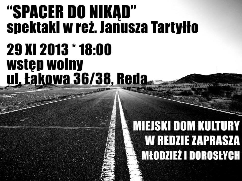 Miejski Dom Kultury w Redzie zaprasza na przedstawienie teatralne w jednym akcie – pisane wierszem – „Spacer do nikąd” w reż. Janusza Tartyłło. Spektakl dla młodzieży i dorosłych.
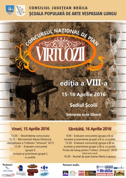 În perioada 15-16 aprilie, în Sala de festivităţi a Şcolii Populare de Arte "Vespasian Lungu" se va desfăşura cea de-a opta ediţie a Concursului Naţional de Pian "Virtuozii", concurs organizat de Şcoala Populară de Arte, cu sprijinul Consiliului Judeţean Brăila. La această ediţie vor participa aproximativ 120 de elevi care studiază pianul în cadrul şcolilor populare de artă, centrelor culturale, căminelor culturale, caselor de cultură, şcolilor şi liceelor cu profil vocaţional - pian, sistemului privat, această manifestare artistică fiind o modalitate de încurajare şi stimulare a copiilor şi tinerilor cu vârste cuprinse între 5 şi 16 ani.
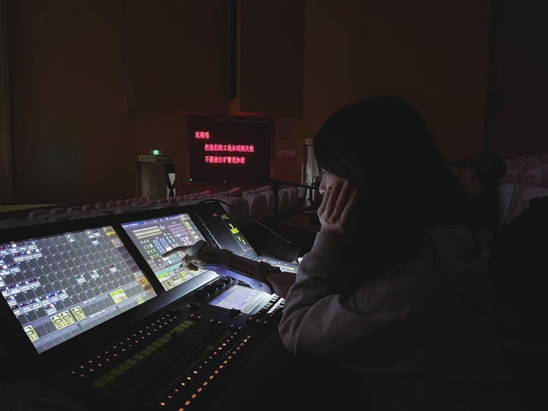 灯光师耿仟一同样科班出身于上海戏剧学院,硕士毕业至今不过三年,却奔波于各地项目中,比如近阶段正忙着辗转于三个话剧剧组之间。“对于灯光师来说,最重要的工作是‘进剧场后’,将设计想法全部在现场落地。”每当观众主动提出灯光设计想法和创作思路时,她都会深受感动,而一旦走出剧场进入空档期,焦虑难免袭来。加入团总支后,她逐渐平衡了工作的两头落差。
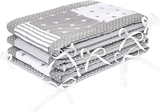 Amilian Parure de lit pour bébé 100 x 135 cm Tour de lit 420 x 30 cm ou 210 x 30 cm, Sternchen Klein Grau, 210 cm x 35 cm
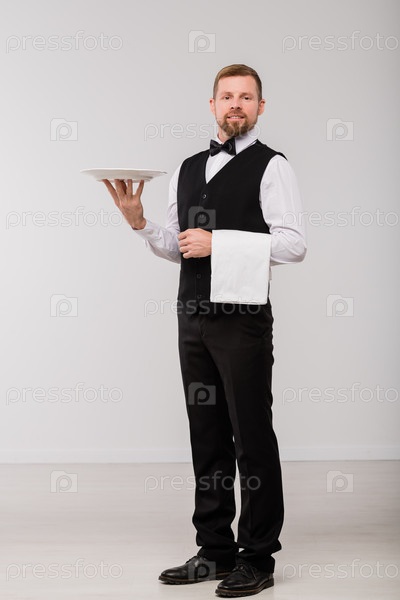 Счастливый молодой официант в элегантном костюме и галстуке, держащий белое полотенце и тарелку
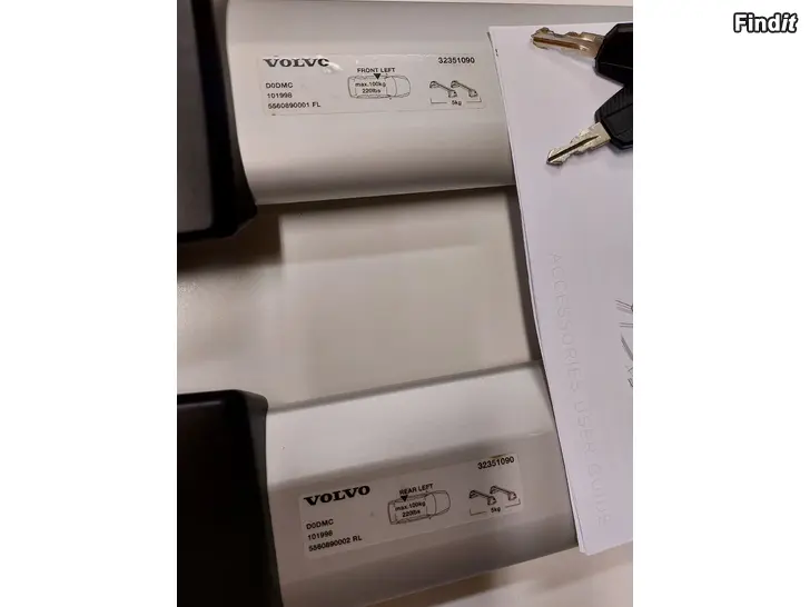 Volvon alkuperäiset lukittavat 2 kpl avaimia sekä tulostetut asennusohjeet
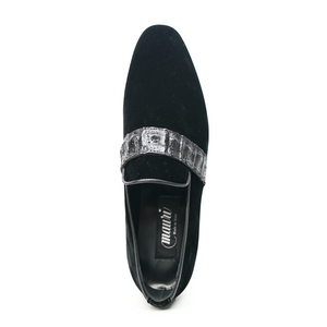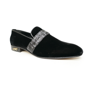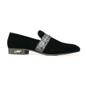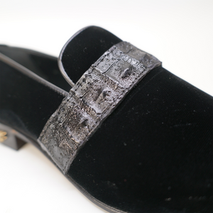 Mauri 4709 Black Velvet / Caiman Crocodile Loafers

---

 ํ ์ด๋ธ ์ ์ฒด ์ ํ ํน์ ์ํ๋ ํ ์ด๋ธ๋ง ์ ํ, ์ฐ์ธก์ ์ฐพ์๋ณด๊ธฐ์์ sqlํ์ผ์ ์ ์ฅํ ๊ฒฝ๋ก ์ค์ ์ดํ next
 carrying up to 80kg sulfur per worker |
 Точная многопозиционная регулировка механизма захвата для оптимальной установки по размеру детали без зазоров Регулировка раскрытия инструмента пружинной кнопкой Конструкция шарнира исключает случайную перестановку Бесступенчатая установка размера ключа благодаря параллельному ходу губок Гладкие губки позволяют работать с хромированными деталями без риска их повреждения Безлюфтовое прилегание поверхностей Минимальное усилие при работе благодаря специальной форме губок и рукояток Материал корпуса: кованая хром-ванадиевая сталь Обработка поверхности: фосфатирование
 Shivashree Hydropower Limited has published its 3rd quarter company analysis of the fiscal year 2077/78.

## Activity
In the listing above, find the line with "sqlํ์ผ์ ์ ์ฅํ ๊ฒฝ๋ก ์ค์ ์ดํ next" and the line with "Shivashree Hydropower Limited"; set down exactly those two lines and every line between them, nothing more.

## Solution to the exercise
 ํ ์ด๋ธ ์ ์ฒด ์ ํ ํน์ ์ํ๋ ํ ์ด๋ธ๋ง ์ ํ, ์ฐ์ธก์ ์ฐพ์๋ณด๊ธฐ์์ sqlํ์ผ์ ์ ์ฅํ ๊ฒฝ๋ก ์ค์ ์ดํ next
 carrying up to 80kg sulfur per worker |
 Точная многопозиционная регулировка механизма захвата для оптимальной установки по размеру детали без зазоров Регулировка раскрытия инструмента пружинной кнопкой Конструкция шарнира исключает случайную перестановку Бесступенчатая установка размера ключа благодаря параллельному ходу губок Гладкие губки позволяют работать с хромированными деталями без риска их повреждения Безлюфтовое прилегание поверхностей Минимальное усилие при работе благодаря специальной форме губок и рукояток Материал корпуса: кованая хром-ванадиевая сталь Обработка поверхности: фосфатирование
 Shivashree Hydropower Limited has published its 3rd quarter company analysis of the fiscal year 2077/78.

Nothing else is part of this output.